- Tourmakeady ambush: Part of the Irish War of Independence
| Date | 3 May 1921 |
| Location | Tourmakeady, County Mayo |
| Result | IRA victory |

Belligerents
- Irish Republican Army (South Mayo Brigade): Royal Irish Constabulary (Black and Tans)

Commanders and leaders
- Tom Maguire: Geoffrey Ibberson

Strength
- 60 volunteers: 600 British troops 120 Auxiliaries

Casualties and losses
- 1 killed 1 wounded: 4 killed 1 wounded

= Tourmakeady ambush =

Ambush carried out by the IRA in Ireland in 1921

The Tourmakeady ambush or Battle of Tourmakeady occurred on 3 May 1921 during the Irish War of Independence. The South Mayo Brigade of the Irish Republican Army (IRA), commanded by Commandant Tom Maguire ambushed an RIC/Black and Tan re-supply patrol in the village of Tourmakeady, County Mayo in the west of Ireland in order to destroy the patrol and to cause the closure of Derrypark RIC Barracks, seven miles to the south.

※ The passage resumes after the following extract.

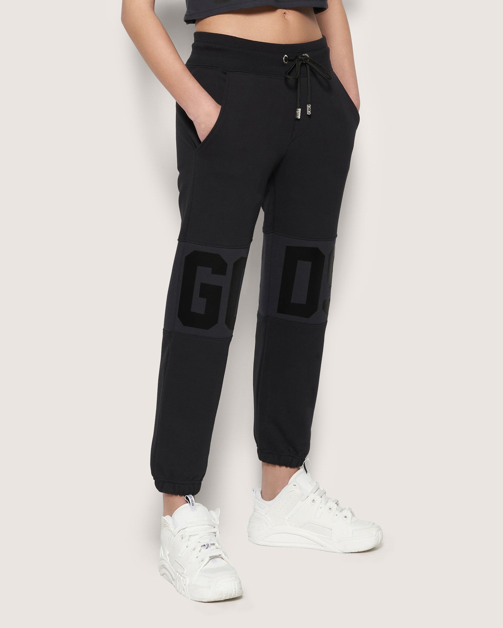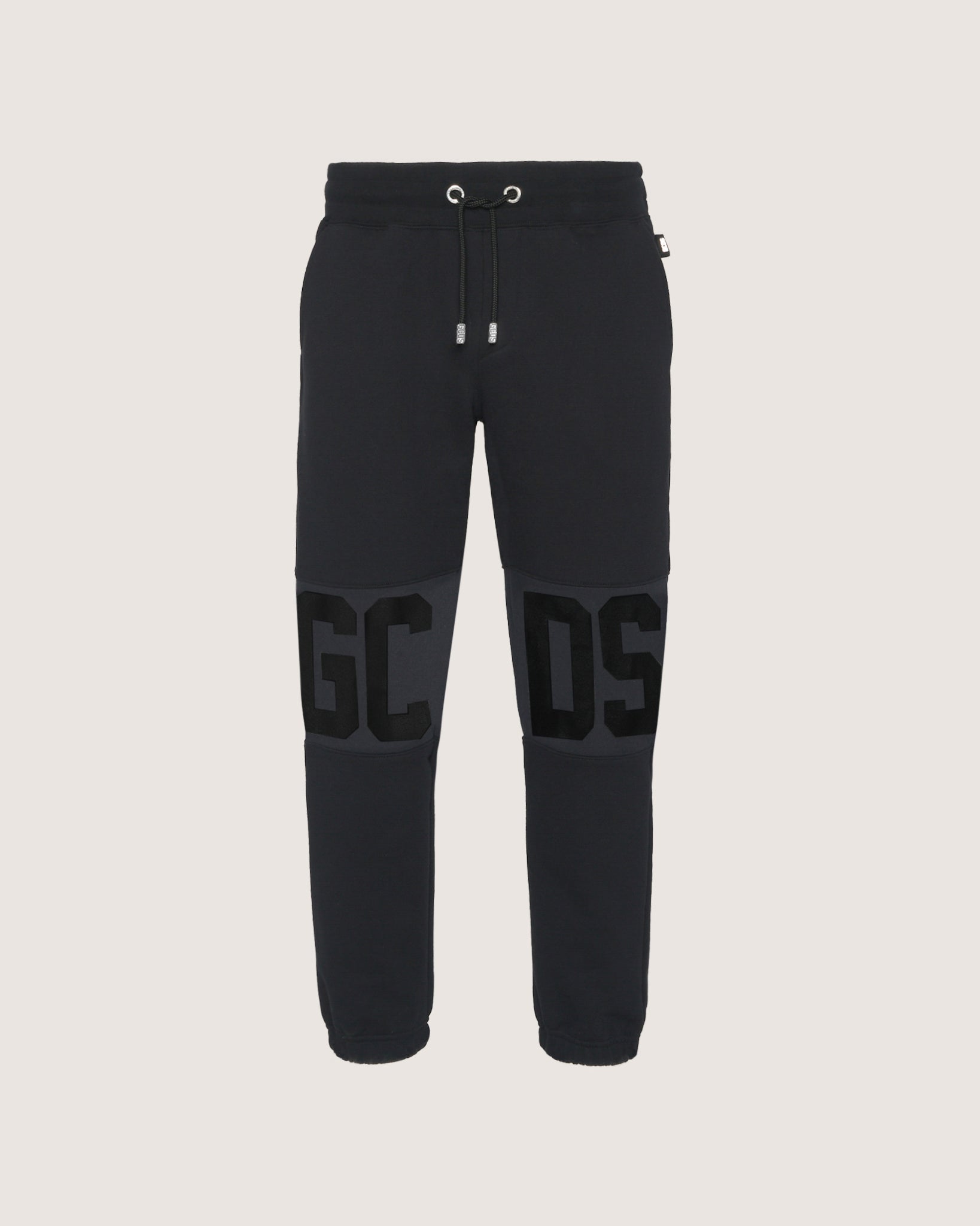 Cotton GCDS sweatpants with tone-on-tone inlaid logo band at knee height at front and back. Slash pockets, elastic waistband and leg bottoms. Regular fit, tapered leg cut.

IRA Adjutant (South Mayo Brigade) Michael O’Brien sustained fatal injuries when he was shot while trying to assist the injured Brigade leader (Maguire). Another IRA Volunteer, Pádraig Feeney, was also killed that afternoon, a monument in Tourmakeady commemorates him. Royal Irish Constabulary Constables Christopher O'Regan, William Power and Sergeant John Regan were killed in the battle. Black and Tans Constable Hubert Oakes also died in the ambush.

Following the ambush, the Flying Column took to the nearby Partry Mountains and were subsequently engaged by British troops from the Border Regiment. Extensive searches and reprisals followed in the area over the next week. On 3 May 1921, in reprisal for the ambush, Crown forces burned several commercial establishments and homes in the area.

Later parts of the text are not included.